> **Data for processing**:
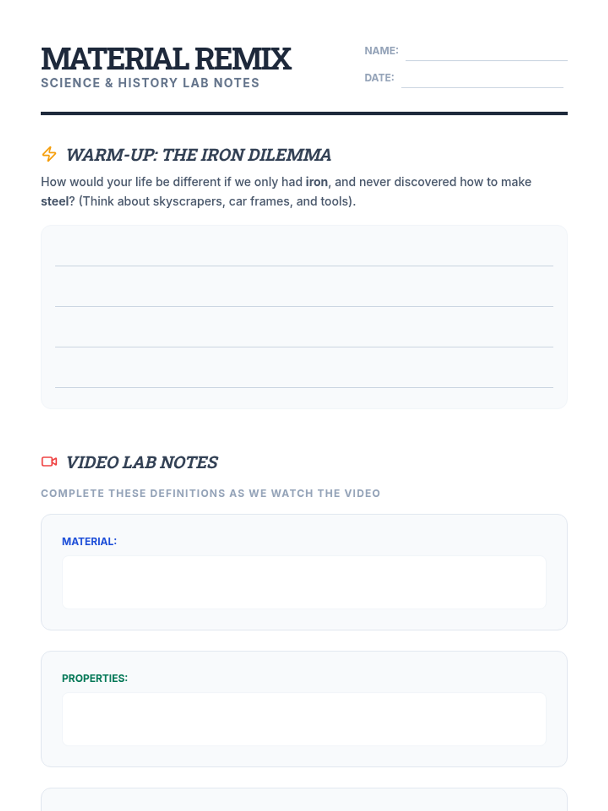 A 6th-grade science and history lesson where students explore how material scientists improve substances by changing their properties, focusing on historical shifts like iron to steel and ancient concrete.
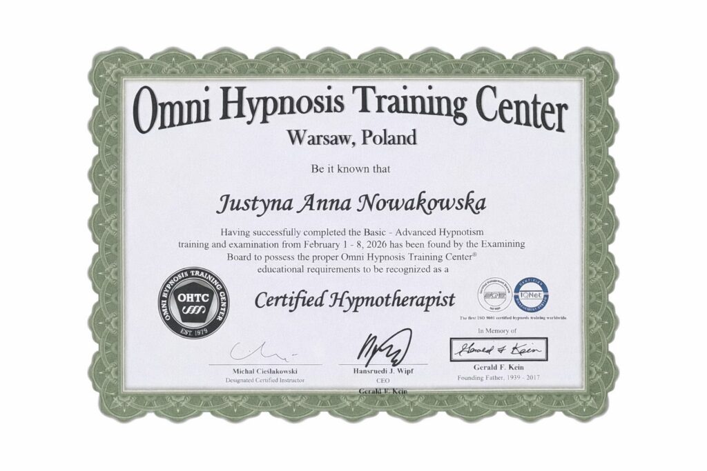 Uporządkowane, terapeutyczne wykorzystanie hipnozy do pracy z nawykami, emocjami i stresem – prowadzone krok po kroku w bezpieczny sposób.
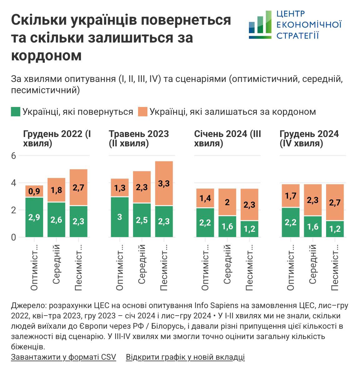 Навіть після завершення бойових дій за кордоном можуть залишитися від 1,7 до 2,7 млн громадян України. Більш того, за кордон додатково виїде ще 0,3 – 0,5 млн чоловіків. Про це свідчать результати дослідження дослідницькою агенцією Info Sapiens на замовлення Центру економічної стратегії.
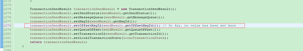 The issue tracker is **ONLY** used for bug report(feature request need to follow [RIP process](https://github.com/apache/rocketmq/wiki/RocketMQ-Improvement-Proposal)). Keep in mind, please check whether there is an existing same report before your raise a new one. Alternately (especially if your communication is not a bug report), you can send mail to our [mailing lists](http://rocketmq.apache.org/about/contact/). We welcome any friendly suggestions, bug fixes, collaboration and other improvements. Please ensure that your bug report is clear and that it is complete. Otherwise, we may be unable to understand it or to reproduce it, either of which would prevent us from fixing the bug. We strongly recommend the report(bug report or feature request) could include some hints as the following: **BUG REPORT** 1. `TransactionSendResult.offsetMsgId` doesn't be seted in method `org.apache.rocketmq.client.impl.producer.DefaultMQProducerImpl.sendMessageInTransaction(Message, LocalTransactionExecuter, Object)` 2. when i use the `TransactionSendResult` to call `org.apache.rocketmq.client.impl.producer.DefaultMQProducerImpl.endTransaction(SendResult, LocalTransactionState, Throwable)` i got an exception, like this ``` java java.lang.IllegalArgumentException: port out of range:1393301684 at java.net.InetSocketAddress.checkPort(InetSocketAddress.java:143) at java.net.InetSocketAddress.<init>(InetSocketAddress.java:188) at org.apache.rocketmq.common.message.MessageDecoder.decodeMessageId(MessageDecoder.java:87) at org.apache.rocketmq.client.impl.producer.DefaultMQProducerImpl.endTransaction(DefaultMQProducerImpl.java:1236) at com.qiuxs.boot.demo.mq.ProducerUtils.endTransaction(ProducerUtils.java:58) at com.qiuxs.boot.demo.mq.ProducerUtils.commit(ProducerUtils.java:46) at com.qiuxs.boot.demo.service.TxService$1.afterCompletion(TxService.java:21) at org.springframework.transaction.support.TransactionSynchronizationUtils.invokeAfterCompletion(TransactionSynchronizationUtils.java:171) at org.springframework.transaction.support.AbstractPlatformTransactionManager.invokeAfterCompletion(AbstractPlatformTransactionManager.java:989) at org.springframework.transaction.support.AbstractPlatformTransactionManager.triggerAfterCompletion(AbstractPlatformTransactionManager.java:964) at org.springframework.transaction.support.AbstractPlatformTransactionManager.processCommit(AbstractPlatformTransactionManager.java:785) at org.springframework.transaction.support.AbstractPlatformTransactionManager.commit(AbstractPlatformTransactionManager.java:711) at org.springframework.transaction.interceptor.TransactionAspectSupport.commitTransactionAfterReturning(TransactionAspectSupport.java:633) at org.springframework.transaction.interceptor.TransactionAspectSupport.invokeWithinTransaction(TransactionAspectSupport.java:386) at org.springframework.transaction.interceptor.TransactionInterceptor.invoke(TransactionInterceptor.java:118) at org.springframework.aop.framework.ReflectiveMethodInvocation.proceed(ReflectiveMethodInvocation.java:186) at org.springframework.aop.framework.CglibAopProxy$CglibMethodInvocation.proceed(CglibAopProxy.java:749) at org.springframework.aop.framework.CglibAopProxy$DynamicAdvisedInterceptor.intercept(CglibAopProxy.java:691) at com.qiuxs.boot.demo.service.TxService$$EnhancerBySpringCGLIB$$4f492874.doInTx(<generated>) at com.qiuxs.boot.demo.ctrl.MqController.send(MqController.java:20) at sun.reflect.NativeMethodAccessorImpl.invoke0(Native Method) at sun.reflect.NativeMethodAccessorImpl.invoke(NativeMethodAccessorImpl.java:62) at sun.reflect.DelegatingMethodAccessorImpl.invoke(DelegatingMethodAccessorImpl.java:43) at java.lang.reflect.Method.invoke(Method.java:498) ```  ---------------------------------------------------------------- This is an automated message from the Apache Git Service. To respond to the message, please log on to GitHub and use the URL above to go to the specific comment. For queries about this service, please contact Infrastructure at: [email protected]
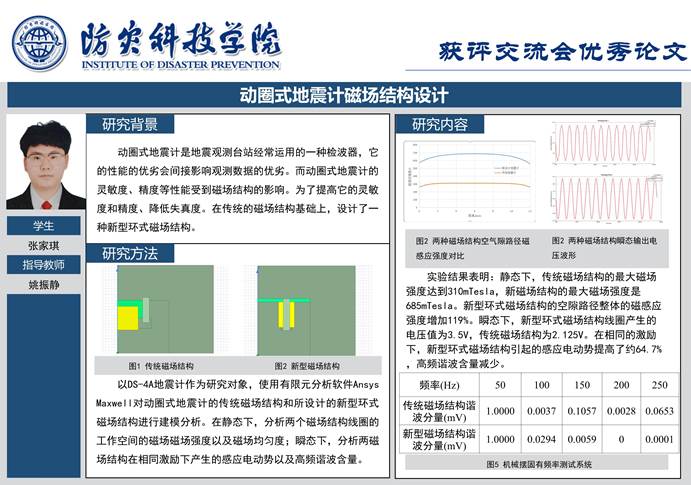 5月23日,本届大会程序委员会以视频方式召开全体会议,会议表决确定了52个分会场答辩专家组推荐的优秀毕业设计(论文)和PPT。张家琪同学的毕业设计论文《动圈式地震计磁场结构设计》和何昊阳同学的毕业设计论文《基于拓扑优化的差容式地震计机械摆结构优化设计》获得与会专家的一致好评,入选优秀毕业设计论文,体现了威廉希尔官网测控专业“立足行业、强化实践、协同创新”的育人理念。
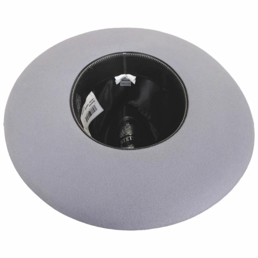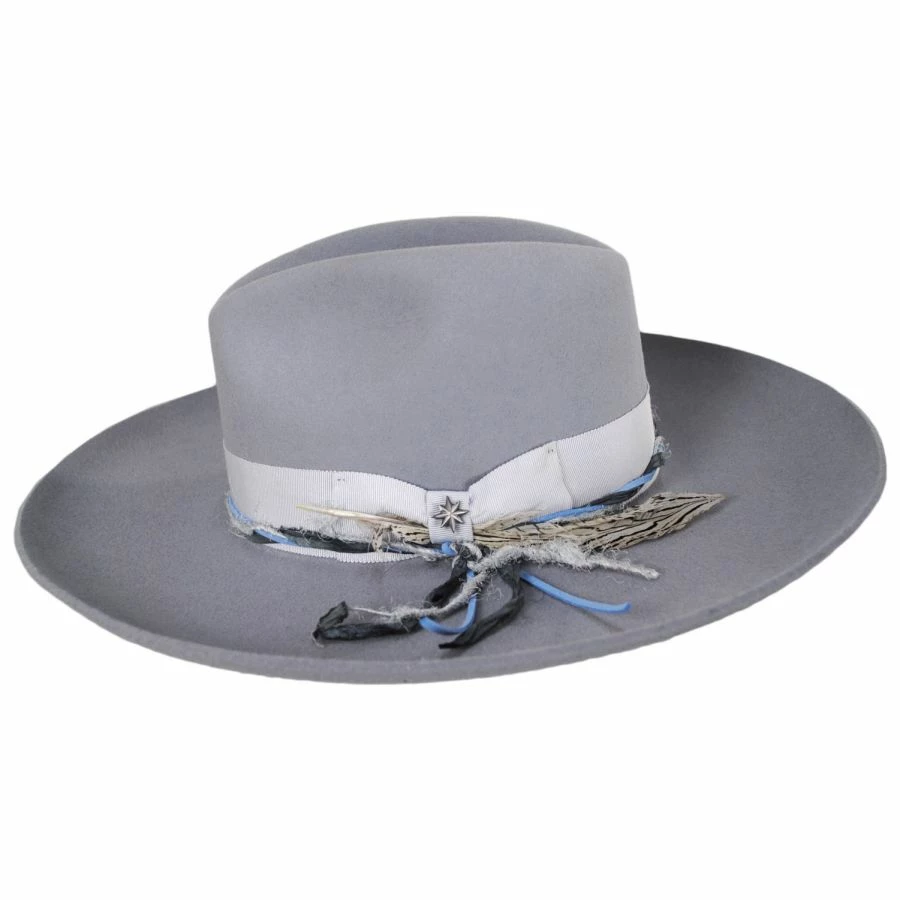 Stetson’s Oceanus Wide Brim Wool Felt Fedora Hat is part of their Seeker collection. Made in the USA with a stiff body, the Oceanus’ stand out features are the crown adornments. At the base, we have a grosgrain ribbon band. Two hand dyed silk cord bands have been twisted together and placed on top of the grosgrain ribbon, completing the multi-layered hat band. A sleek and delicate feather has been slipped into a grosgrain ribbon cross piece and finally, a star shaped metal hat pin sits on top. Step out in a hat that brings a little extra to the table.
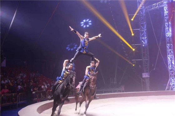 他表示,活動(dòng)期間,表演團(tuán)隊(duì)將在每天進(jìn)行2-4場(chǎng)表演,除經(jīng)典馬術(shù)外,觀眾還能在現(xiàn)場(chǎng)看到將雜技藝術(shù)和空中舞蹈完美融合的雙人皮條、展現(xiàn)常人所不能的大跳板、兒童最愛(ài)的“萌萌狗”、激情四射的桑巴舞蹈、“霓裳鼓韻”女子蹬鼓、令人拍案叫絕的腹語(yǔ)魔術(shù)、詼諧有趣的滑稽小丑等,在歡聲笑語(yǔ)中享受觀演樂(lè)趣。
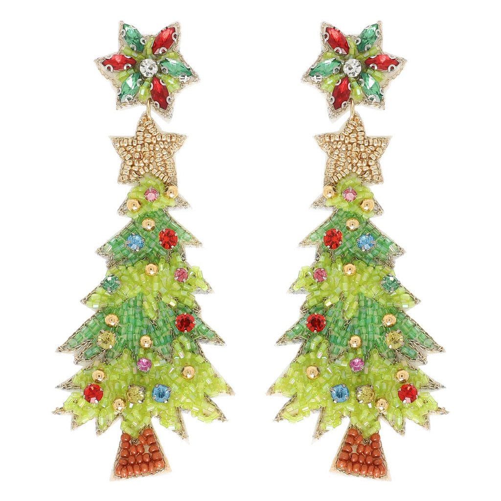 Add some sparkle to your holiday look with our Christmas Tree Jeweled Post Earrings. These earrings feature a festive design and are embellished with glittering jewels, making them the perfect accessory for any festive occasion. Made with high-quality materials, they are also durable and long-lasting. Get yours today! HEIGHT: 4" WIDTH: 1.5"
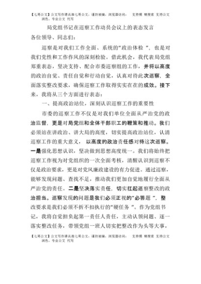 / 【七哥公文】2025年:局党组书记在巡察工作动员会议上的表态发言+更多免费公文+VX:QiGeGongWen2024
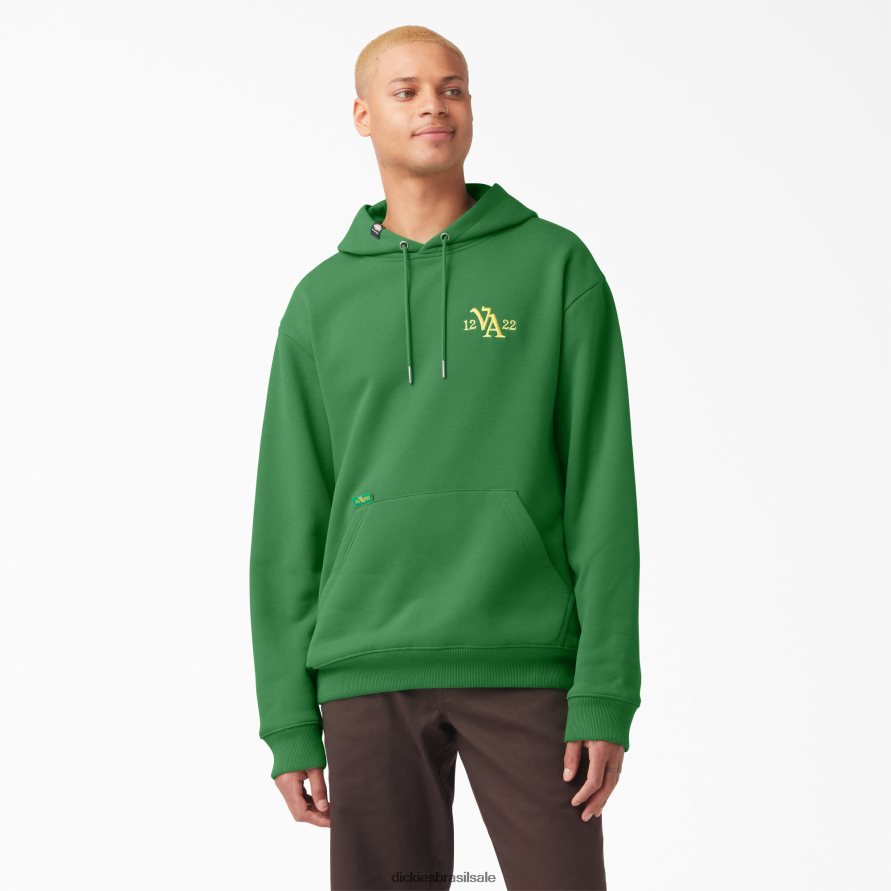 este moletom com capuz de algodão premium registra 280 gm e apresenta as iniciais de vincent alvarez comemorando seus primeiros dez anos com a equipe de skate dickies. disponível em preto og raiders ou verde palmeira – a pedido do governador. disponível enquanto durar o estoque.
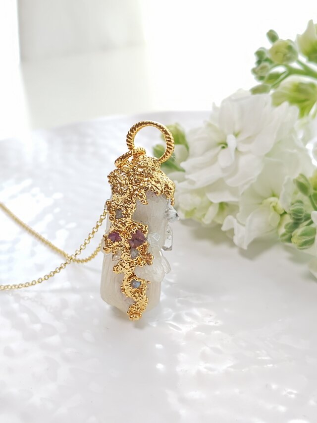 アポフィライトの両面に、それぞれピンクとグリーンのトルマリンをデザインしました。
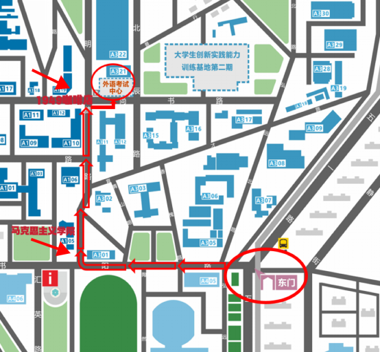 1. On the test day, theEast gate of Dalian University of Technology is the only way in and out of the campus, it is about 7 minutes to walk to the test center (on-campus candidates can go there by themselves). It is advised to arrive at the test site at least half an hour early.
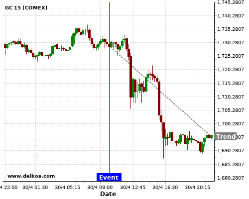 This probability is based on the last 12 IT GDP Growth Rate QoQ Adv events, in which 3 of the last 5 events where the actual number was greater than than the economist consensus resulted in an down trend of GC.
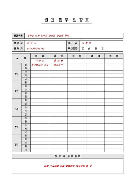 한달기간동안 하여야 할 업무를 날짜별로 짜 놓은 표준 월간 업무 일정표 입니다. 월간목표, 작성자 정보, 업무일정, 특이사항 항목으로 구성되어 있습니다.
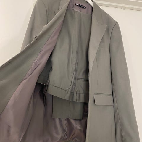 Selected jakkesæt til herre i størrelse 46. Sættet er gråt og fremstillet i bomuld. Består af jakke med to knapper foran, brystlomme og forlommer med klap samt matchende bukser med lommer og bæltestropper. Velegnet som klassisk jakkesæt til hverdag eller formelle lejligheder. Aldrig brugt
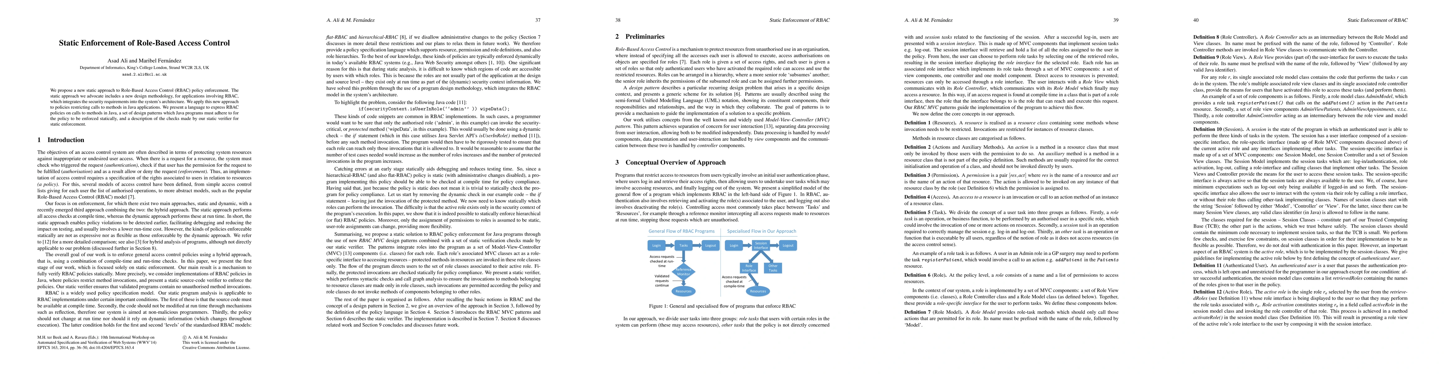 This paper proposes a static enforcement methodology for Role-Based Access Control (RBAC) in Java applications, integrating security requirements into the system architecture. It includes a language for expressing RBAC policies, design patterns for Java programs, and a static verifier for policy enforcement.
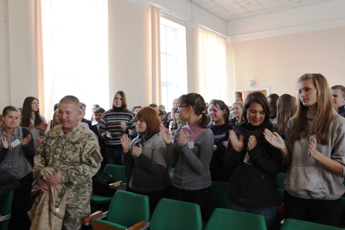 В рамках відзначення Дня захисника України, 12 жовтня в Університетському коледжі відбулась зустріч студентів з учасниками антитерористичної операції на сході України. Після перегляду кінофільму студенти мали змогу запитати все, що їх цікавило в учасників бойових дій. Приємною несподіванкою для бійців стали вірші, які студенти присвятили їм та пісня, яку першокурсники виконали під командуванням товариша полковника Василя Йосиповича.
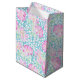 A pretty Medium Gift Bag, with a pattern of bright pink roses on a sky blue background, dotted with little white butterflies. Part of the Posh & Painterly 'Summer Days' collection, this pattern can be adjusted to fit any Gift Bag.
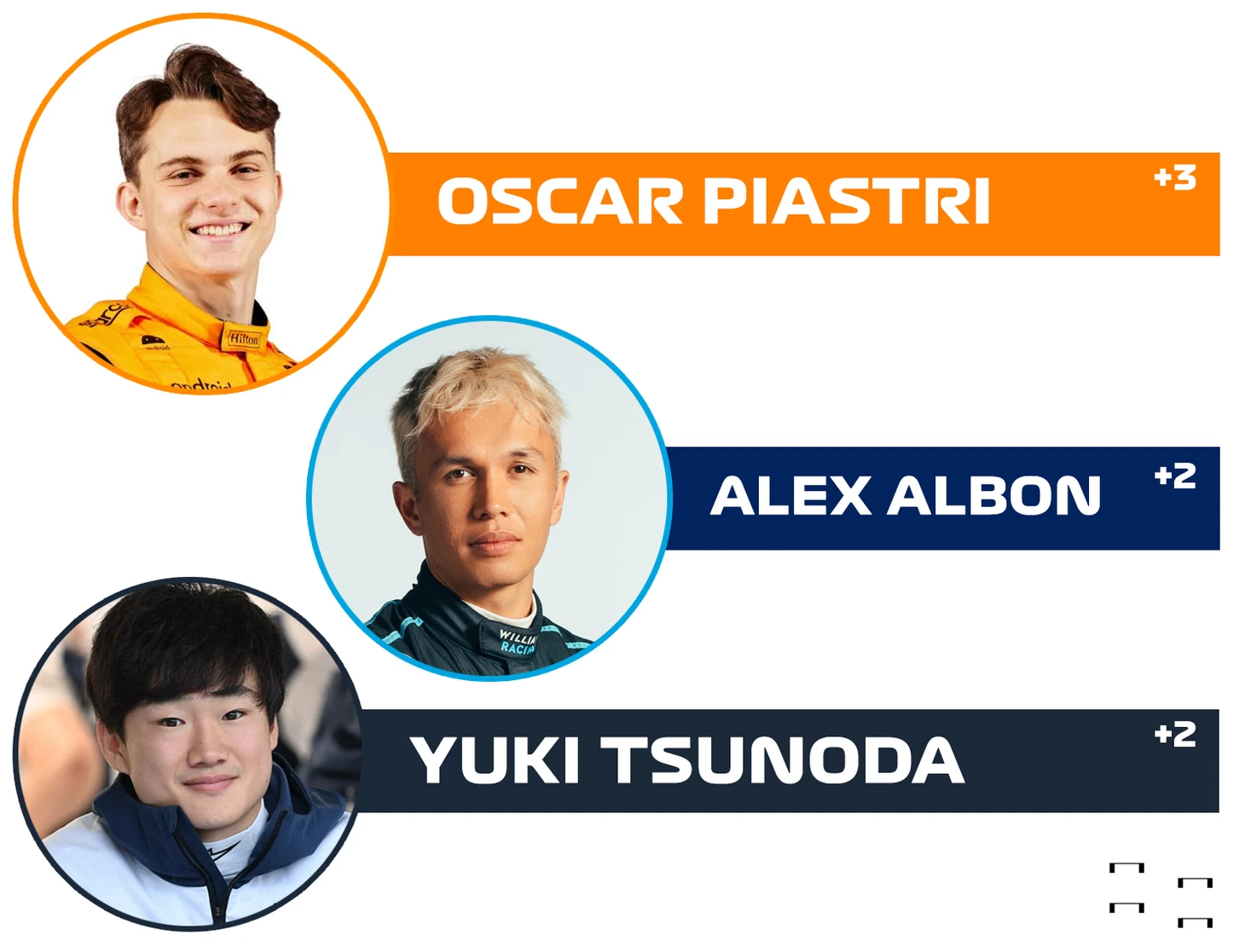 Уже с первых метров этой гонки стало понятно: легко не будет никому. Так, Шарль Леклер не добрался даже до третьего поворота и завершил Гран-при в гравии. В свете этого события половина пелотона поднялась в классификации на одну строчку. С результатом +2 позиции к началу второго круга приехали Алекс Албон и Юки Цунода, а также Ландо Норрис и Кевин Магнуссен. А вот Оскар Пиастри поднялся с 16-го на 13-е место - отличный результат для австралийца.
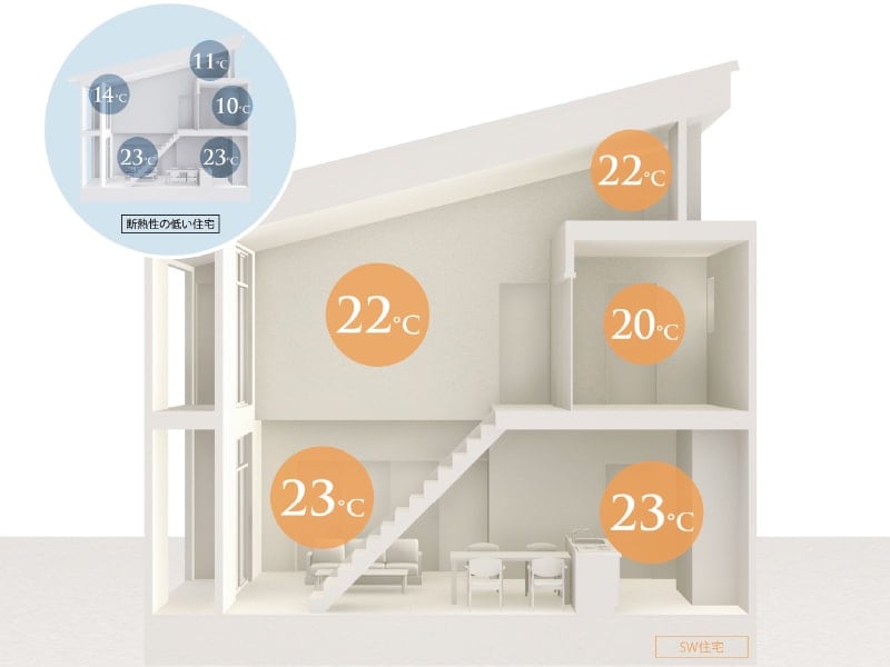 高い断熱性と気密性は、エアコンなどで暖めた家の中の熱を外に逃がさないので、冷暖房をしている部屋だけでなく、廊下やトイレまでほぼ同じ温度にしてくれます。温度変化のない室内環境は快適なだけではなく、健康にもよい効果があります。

> **Instructions for the task**: Above are some records; extract exactly the lines from the one containing "アポフィライトの両面に、それ" through the one containing "Selected jakkesæt til" and drop the pictures.

> **Output of the exercise**:
 アポフィライトの両面に、それぞれピンクとグリーンのトルマリンをデザインしました。
 1. On the test day, theEast gate of Dalian University of Technology is the only way in and out of the campus, it is about 7 minutes to walk to the test center (on-campus candidates can go there by themselves). It is advised to arrive at the test site at least half an hour early.
 This probability is based on the last 12 IT GDP Growth Rate QoQ Adv events, in which 3 of the last 5 events where the actual number was greater than than the economist consensus resulted in an down trend of GC.
 한달기간동안 하여야 할 업무를 날짜별로 짜 놓은 표준 월간 업무 일정표 입니다. 월간목표, 작성자 정보, 업무일정, 특이사항 항목으로 구성되어 있습니다.
 Selected jakkesæt til herre i størrelse 46. Sættet er gråt og fremstillet i bomuld. Består af jakke med to knapper foran, brystlomme og forlommer med klap samt matchende bukser med lommer og bæltestropper. Velegnet som klassisk jakkesæt til hverdag eller formelle lejligheder. Aldrig brugt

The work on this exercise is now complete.